Волосы Вероники
Шрифт:
— Вам небезразлично, кто будет директором института? — прямо в лоб задала она мне вопрос.
— Я думаю, моего мнения на этот счет никто не спросит, — ответил я.
— Видите ли, Георгий Иванович, поговаривают, что директором хотят назначить Гоголеву… — она испытующе посмотрела на меня. О моих разногласиях с Ольгой Вадимовной знали в отделе.
— Что ж, достойнейшая женщина, — без особого энтузиазма заметил я.
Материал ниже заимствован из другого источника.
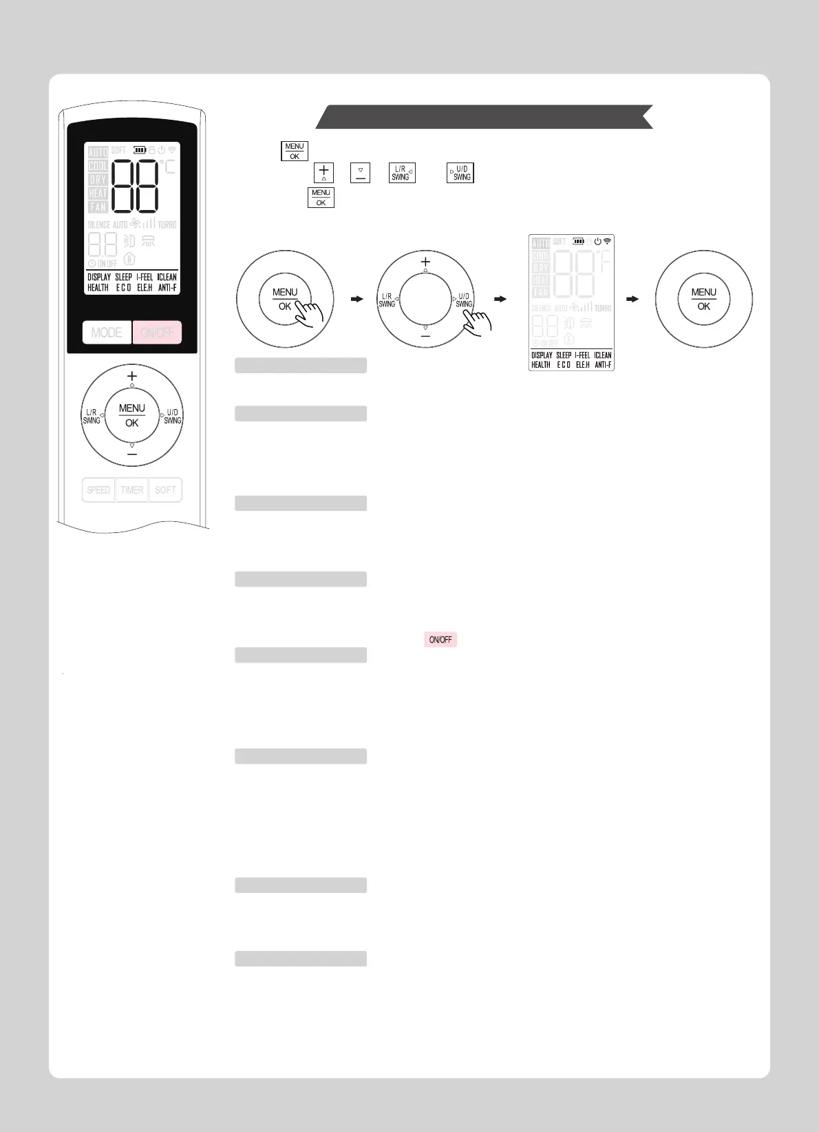 When the air conditioner and remote are off, select this function to activate. Upon activation,

— Карьеристка, — безапелляционно заявила Грымзина. — Она вас со свету сживет, да и нам будет при ней несладко… — Евгения Валентиновна, доверительно глядя на меня, продолжала: — Я считаю, что на таком посту должен быть мужчина. Женщина
У Грымзиной мало было женского. Грузная, почти квадратная, с широким решительным лицом, жидкими белесыми волосами, она скорее походила на борца-тяжеловеса. И светлые глаза у нее были холодные и пустоватые. Сколько я ее помню, зимой она всегда носила толстой вязки свитера с широким воротом, а весной и осенью — черный кожаный пиджак, не застегивающийся на мощной груди. Заведующий отделом технической информации Великанов прозвал ее «Коняга». С его легкой руки Грымзину за глаза так и звали у нас.
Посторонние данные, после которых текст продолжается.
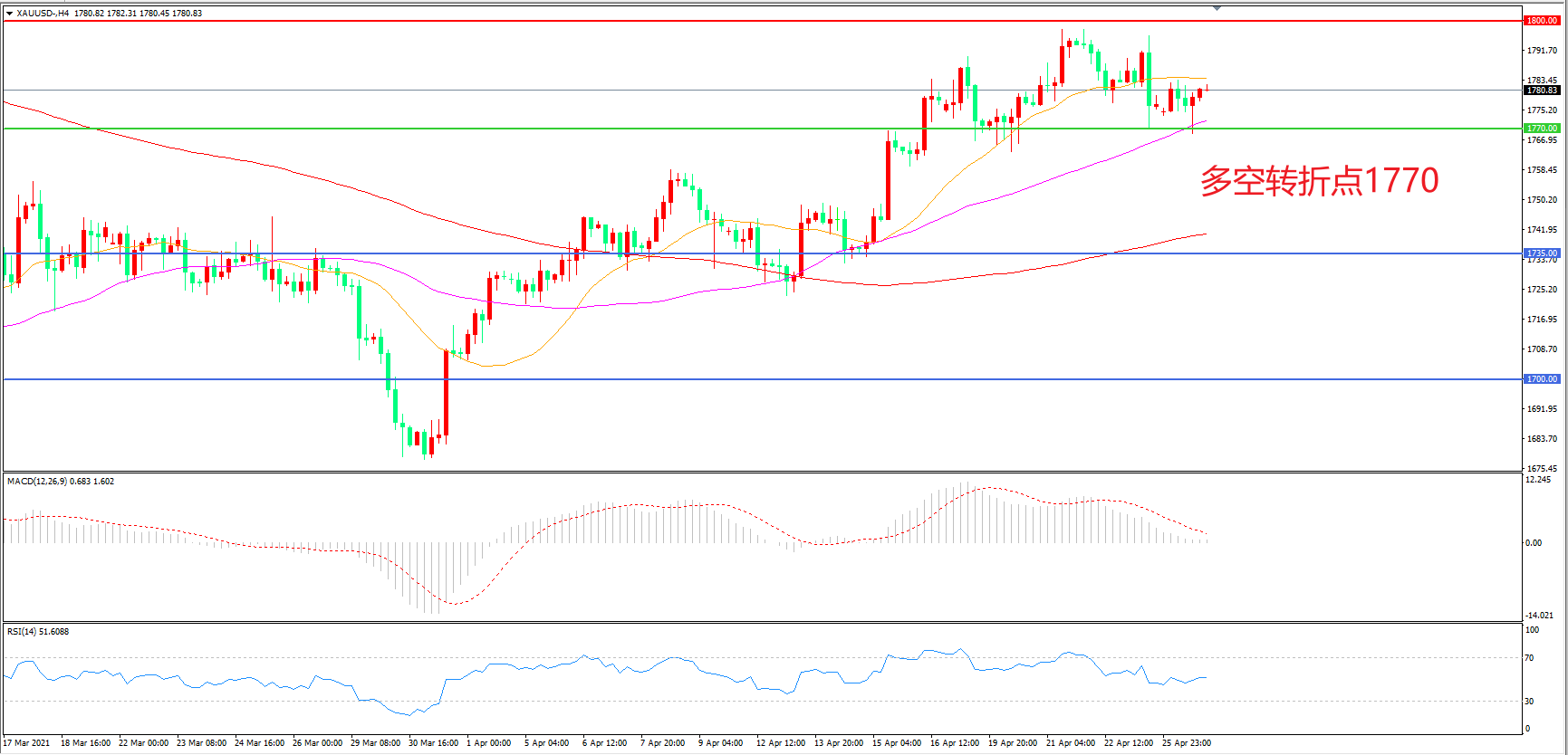 交易策略:在1770.00之上看涨,目标1800.00    1840.00

Я с недоумением смотрел на Конягу, еще не догадываясь, куда она клонит. Та не стала дипломатничать. Жестикулируя короткой рукой с толстыми пальцами, она заявила:
— Мы решили послать в министерство заявление с решительным протестом против назначения директором Гоголевой.
— Кто это мы? — взглянул я на нее.
— Общественность, — весомо заявила Коняга и положила передо мной отпечатанные на машинке листы с несколькими неразборчивыми подписями.
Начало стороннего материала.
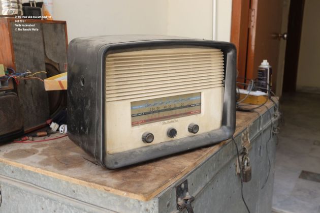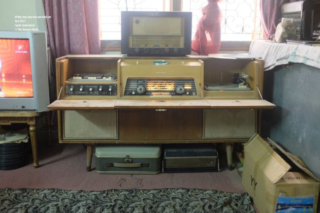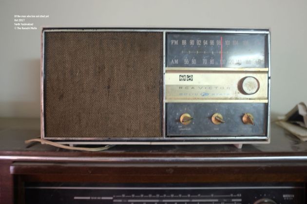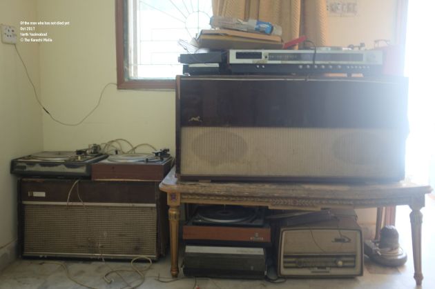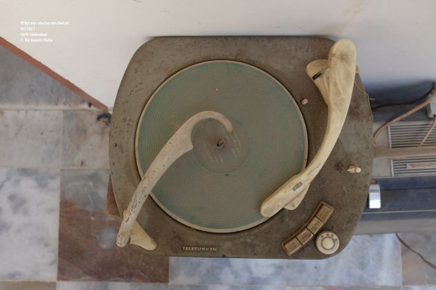 Of the man who has not died yet. He has made his presence count. Holding on to nostalgia has given him purpose and a source of earning. Making money makes him relevant in his house where he lives with three of his children and a number of his grandchildren. The house is big enough for all of them but his room is quite small. Though big enough for a number of radios, turntables, records and other antiques. Some of them work, some of them don’t. Some of them will never work but they will still make it as a collectible in some house or a television commercial. He has turned his restroom into a store, with amplifiers, spool tables and radios lying on top of each other. There are more under his charpai. I open the door to veranda and I see more of them.

Не читая, я брезгливо отодвинул бумажки. У меня издавна предубеждение против всяких заявлений, тем более кляузных. Если мне нужно было выразить свой протест по какому-либо поводу, я открыто говорил на собрании и в присутствии того человека, которого это касалось, случалось, выступал с критикой в многотиражке, но никаких заявлений никогда не подписывал, да ко мне и не обращались с подобными предложениями. Это в первый раз.
— А вам-то что за дело, кто будет директором института? — спросил я.
— Мнение общественности мне небезразлично.
— Я не буду подписывать вашу бумагу, — я по смотрел в пустоватые глаза Грымзиной. — И вам не советую заваривать эту кашу. А если энергию некуда девать, то… — я окинул взглядом солидную кипу иностранных брошюр и журналов на письменном столе, соображая, что бы такое ей дать попроще. — Вот, посмотрите любопытную брошюру Кэтрин и Питера Монтегю «Мир не бесконечен». Они утверждают, что если не принять срочные меры, то все живое на земле погибнет в результате растущего отравления биосферы…
— Вы еще наплачетесь, если директором паче чаяния будет Гоголева, — не слушая меня, ввернула Грымзина. — Только мы (она сделала ударение на слове «мы», по-видимому имея в виду себя) не допустим этого…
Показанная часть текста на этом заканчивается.